_Your goal_
From the records below, transcribe exactly the lines that begin at the line with "EC 2019 Lady Sweden, Castlebar" and end at the line with "Window above shows", both included.

_Data shown_
= = = =

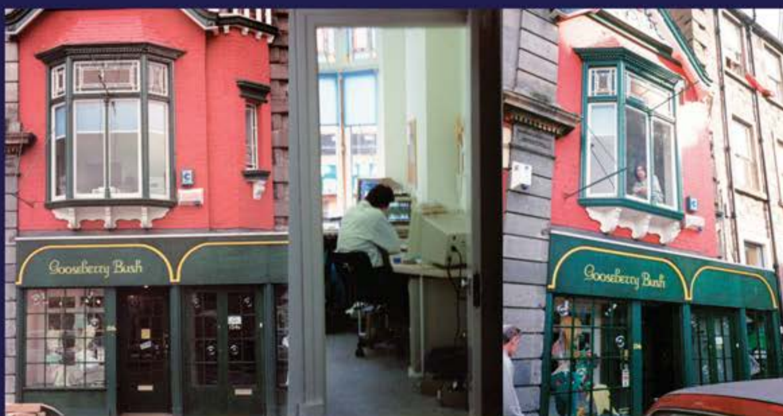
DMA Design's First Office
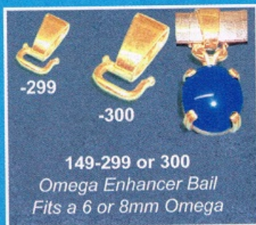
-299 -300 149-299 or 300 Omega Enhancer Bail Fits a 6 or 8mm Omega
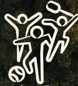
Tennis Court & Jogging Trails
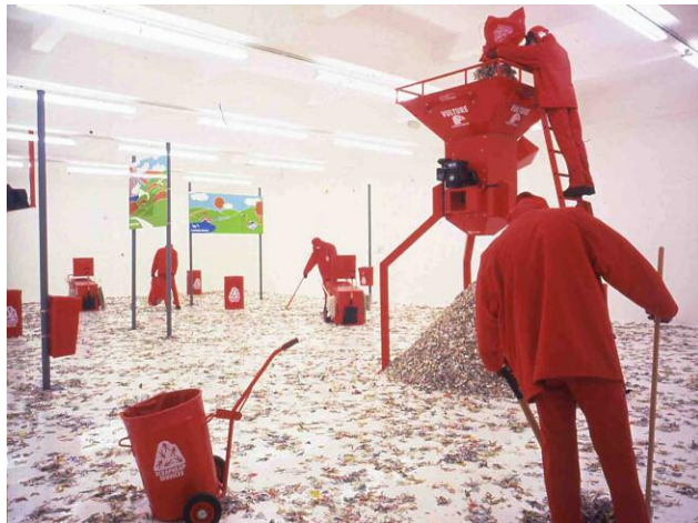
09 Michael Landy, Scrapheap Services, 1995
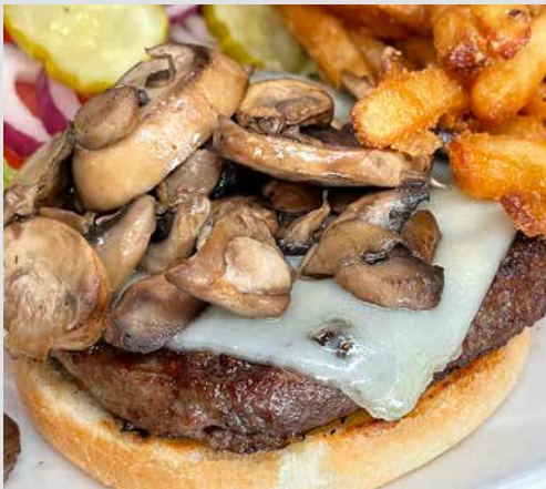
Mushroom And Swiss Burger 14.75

= = = =

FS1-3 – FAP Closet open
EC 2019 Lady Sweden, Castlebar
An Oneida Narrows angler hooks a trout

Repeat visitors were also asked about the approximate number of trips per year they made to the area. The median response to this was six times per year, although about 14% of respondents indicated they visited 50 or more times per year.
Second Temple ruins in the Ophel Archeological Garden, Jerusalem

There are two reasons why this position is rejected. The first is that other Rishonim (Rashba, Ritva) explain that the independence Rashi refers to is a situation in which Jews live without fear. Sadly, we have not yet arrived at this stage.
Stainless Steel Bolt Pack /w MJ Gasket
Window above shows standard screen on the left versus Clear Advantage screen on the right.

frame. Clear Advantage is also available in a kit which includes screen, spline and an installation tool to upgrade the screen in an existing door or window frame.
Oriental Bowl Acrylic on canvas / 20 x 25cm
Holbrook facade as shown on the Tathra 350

= = = =

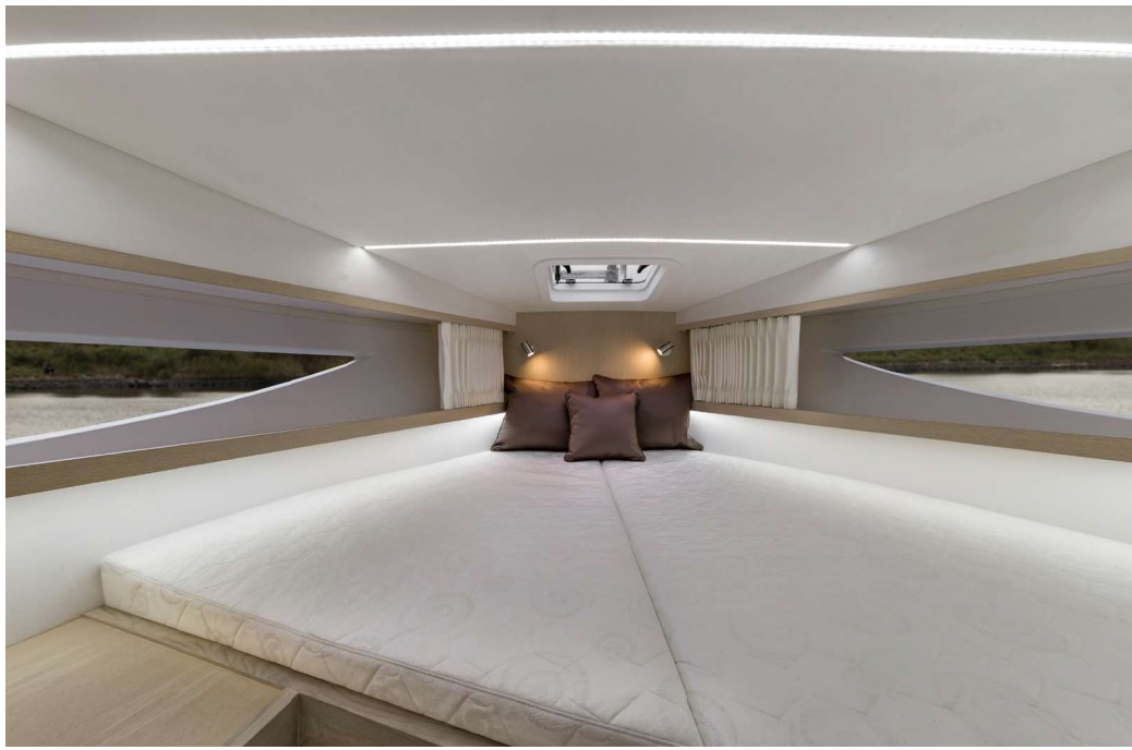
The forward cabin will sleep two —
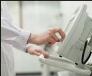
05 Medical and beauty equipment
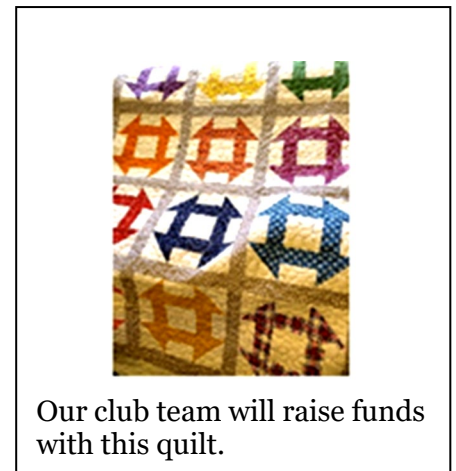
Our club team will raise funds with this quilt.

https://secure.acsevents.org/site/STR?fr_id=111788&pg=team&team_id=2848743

= = = =

_Written reply_
EC 2019 Lady Sweden, Castlebar
An Oneida Narrows angler hooks a trout

Repeat visitors were also asked about the approximate number of trips per year they made to the area. The median response to this was six times per year, although about 14% of respondents indicated they visited 50 or more times per year.
Second Temple ruins in the Ophel Archeological Garden, Jerusalem

There are two reasons why this position is rejected. The first is that other Rishonim (Rashba, Ritva) explain that the independence Rashi refers to is a situation in which Jews live without fear. Sadly, we have not yet arrived at this stage.
Stainless Steel Bolt Pack /w MJ Gasket
Window above shows standard screen on the left versus Clear Advantage screen on the right.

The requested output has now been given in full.